The long-term effects on patients who underwent simple radiotherapy remained unsatisfactory, in spite of continuing improvements in imaging diagnostics and the constantly evolving radiotherapy equipment and facilities over the past few years. The 5-year survival rate was only 50%-60%.
Previous reports have shown[6,7] that aside from the effect of local control rate, the survival rate of NPC patients was influenced by the distant metastasis. Palazzi et al.[8] concluded that, after analyzing the data of the 171 NPC patients who underwent simple radiotherapy, N-staging was the major factor affecting the therapeutic effect and prognosis. The later the N-stage is, the worse the treatment outcome and prognosis, and the higher the rate of distant metastasis. Since T-staging only served as a minor correlation factor, no significant differences were found in addition to the statistical differences between the 5-year overall survival rates in T3 and T4 cases. This shows that radiochemotherapy in locoregionally advanced NPC patients with various N-stages may play an active role in reducing relapse and distant metastasis. The key breakthrough of combined radiochemotherapy in locoregionally advanced NPC patients could be attributed to an early report, no. 0099, the research project by Al-Sarraf et al.[9], which showed that the overall survival rate of NPC patients was elevated in all clinical trials evaluating concurrent radiochemotherapy. In the data from 2687 patients with locoregionally advanced NPC reported by Lee et al.[10], sequential or concurrent chemoradiotherapy was administered in only 23% of patients, and the survival rates for these patients without regional relapse and distant metastasis were 79% and 74%, respectively. These rates were much higher than those of patients who underwent conventional simple radiotherapy.

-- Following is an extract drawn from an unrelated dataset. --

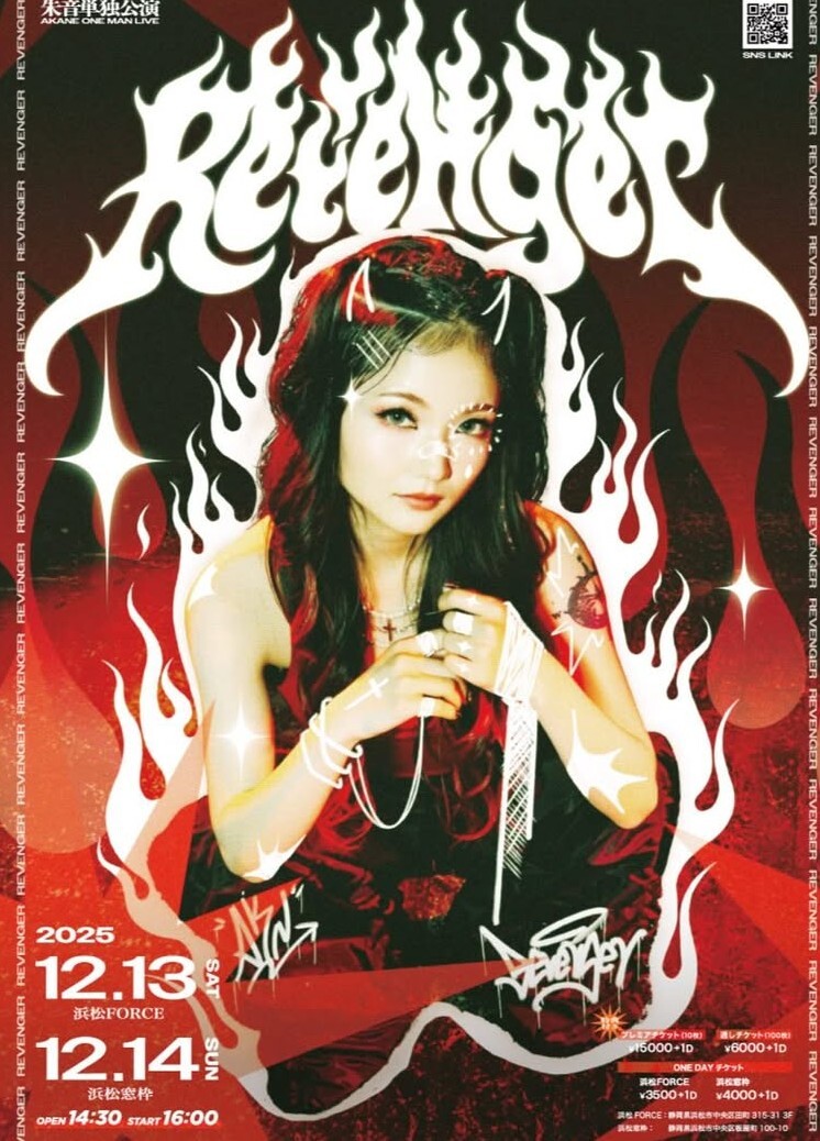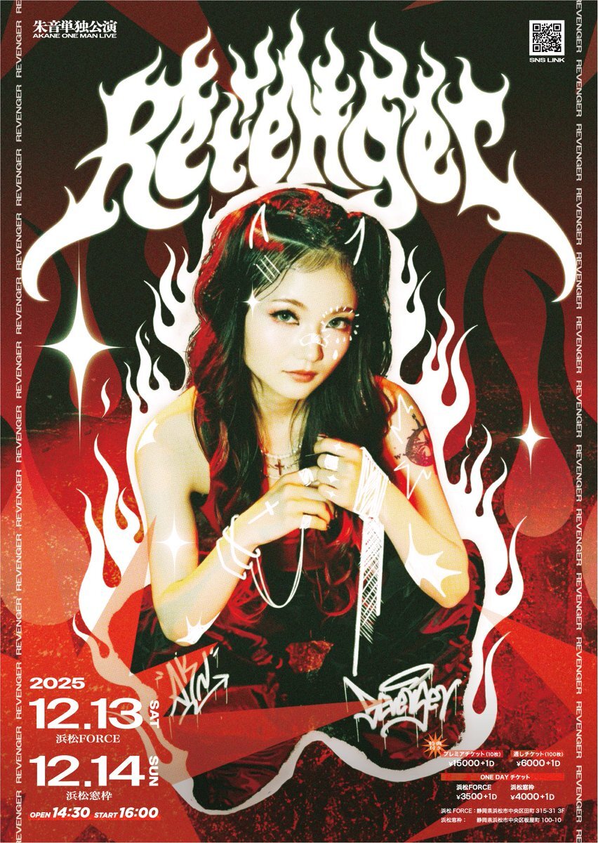 ⋱初2DAYS ワンマンライブ開催⋰ 朱音単独公演 Revenger  ̄ ̄ ̄ ̄ ̄ ̄ ̄ ̄ ̄ ̄ ̄ ̄ ̄ 🗓️ 2025.12.13 sat / 12.14 sun OPEN 14:30 / START 16:00 DAY1📍浜松FORCE @force_qm DAY2📍浜松窓枠 @Aw_one_kikaku 🎫プレミアチケット: 特典付き 『10枚』 ¥15000 🎫2DAYS 通しチケット

At present, concurrent radiochemotherapy has become the standard treatment for locoregionally advanced NPC[11-13]. In addition, therapeutic alliance with cisplatin drugs as the first-line treatment has been frequently used[14]. The increased treatment-related toxicity induced by synchronous radiochemotherapy has been existent, though treatment outcome has been proven. Owing to increased acute side effects, the implementation of concurrent radiochemotherapy has been hampered[15]. This has resulted in an unplanned discontinuation of radiotherapy and has affected therapeutic efficacy. At the same time, increased drug toxicity has also affected patients’ quality of life. In the No. 0099 research project, the patients who could complete cisplatin-based chemotherapy plus radiotherapy accounted for 63% of the total, while those who completed concurrent radiochemotherapy combined with adjuvant chemotherapy only accounted for 55%[9], indicating the very poor tolerance and compliance of these patients. Therefore, an important goal of clinical research on NPC patients receiving radiochemotherapy is to minimize the side effects so that the full treatment plan can be implemented.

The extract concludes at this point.